このように、合理的配慮というのは、障害者と健常者の対話から始まる。合理的配慮を上手に使うためには、障害者は、自分の障害についてきちんと理解し、どのような配慮があれば何ができるのか、自分は何がしたいのかを健常者にもわかりやすく伝える方法を身につける必要があるのである。
3.過重な負担について
差別解消法では、障害者が配慮を求めたとしても、提供する側にとって過重な負担になる場合にはその配慮を行なわなくてもかまわないとされている。そして、過重な負担となるかどうかについて「基本方針」では、事務、事業への影響の程度、費用、負担の程度などの要素を考慮し、総合的客観的に判断されなければならないとされている。

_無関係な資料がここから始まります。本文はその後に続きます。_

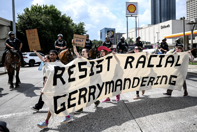 지난 9월 텍사스 휴스턴에서 시위자들이 ‘인종적 게리멘더링에 대한 저항’을 주장하고 있다. (사진=AFP)

一昨年、ネット上でこんな事件が話題となった。「五体不満足」の著者の乙武洋匡さんが、銀座の「隠れ家風」イタリアンレストランに行ったところ、エレベーターがその店のある2階には停止しないことが分かった。そこで、店員に体を抱え上げてくれるように頼んだがこれを拒否されたという事件である。
ただし、このレストランには、シェフを含めて店員が2人しかおらず、ちょうど週末で店が込み合っていたという事情もあったようだ。
これは、合理的配慮と過重な負担を考える上でとても示唆に富む出来事である。店の側は、乙武さんの求めに応じることは過重な負担であり、サポートの提供拒否は正当であると主張するかもしれない。しかし、人一人を店のある2階に抱え上げることは男性1人か2人で数分で行なえることであり、たとえ店員が2人しかいない込み合った店だったということを考慮したとしても、それが店の営業に大きな支障となるとは考えられず、この場合の配慮は過重な負担とはいえないだろう。
もっとも、あえて言うとすれば、事前に、2階まで上がる際のサポートを申し出ておくなど、乙武さんの側ももう少しだけ対話の努力をする余地があったのかもしれない。
ここから学べるのは、障害者の側も合理的配慮を求める際には対話のチャンネルを広く開いておくべきだということである。合理的配慮は、健常者と障害者がお互いに少しずつ歩み寄って、対話を通じてバリアの乗り越え方を探す営みだからである。